_RECORDS FOR THIS TASK_
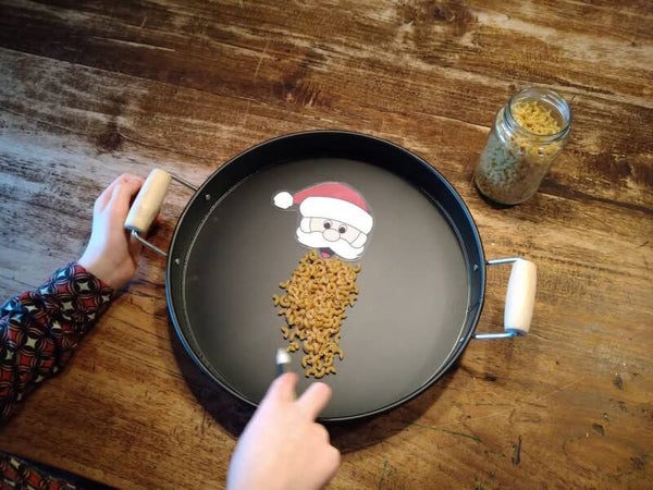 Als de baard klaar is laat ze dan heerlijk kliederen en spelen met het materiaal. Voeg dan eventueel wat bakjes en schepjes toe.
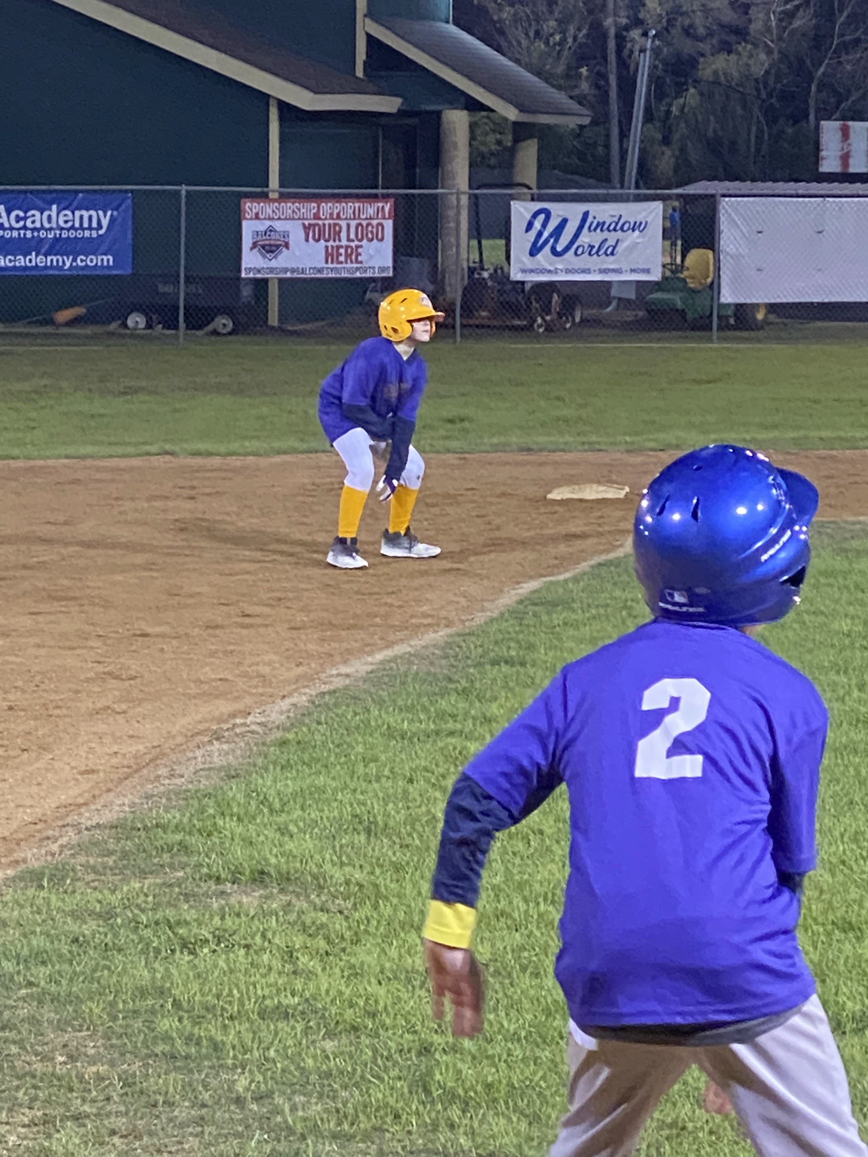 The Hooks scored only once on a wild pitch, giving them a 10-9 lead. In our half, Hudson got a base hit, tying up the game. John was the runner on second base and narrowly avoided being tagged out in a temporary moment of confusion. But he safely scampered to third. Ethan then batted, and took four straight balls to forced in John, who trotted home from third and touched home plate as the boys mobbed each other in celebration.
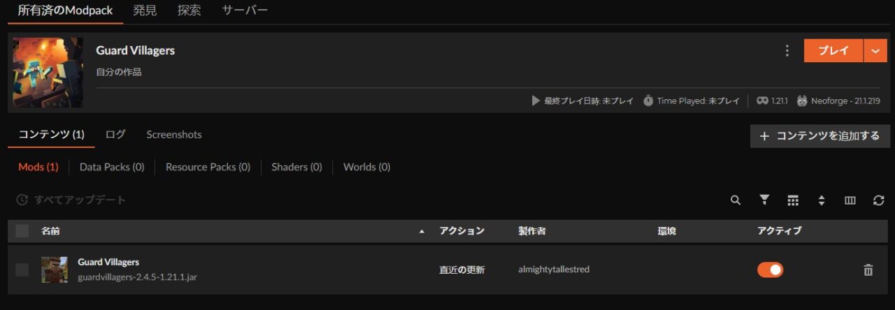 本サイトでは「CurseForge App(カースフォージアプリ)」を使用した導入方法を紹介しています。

...

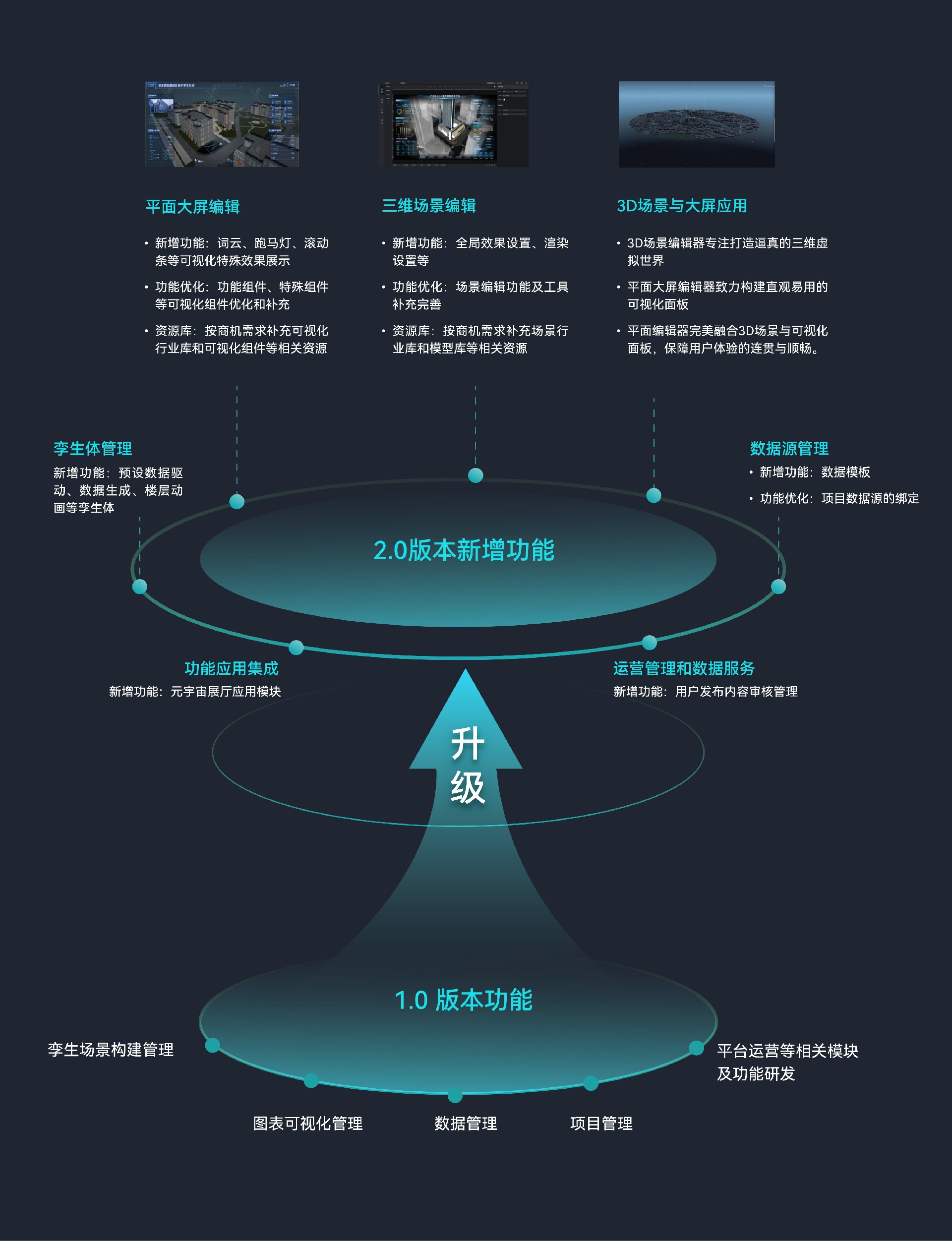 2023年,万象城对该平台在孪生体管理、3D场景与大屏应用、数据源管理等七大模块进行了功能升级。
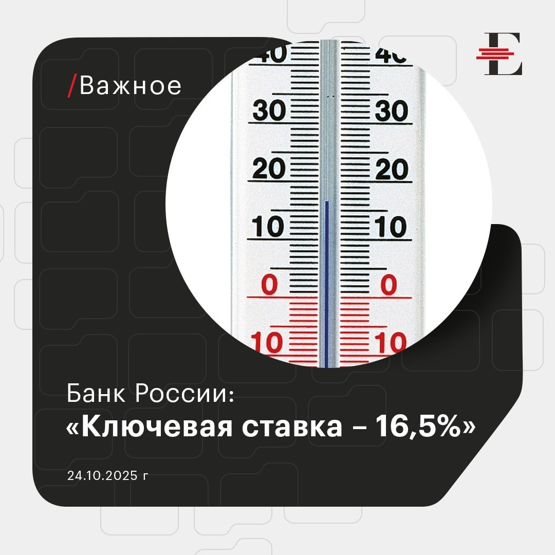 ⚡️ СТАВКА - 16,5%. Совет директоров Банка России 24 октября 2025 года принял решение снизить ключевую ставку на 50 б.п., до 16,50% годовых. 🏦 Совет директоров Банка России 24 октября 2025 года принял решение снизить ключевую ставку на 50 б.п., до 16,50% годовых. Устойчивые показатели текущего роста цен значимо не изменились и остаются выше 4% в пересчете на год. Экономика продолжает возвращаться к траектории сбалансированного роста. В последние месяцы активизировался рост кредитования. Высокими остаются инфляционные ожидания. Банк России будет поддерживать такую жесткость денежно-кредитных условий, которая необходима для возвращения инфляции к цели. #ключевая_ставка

_YOUR TASK_
Copy the lines above between the one holding "2023年,万象城对该平台在" and the one holding "к цели. #ключевая_ставка", inclusive. Drop the pictures.

_COMPLETED TASK_
 2023年,万象城对该平台在孪生体管理、3D场景与大屏应用、数据源管理等七大模块进行了功能升级。
 ⚡️ СТАВКА - 16,5%. Совет директоров Банка России 24 октября 2025 года принял решение снизить ключевую ставку на 50 б.п., до 16,50% годовых. 🏦 Совет директоров Банка России 24 октября 2025 года принял решение снизить ключевую ставку на 50 б.п., до 16,50% годовых. Устойчивые показатели текущего роста цен значимо не изменились и остаются выше 4% в пересчете на год. Экономика продолжает возвращаться к траектории сбалансированного роста. В последние месяцы активизировался рост кредитования. Высокими остаются инфляционные ожидания. Банк России будет поддерживать такую жесткость денежно-кредитных условий, которая необходима для возвращения инфляции к цели. #ключевая_ставка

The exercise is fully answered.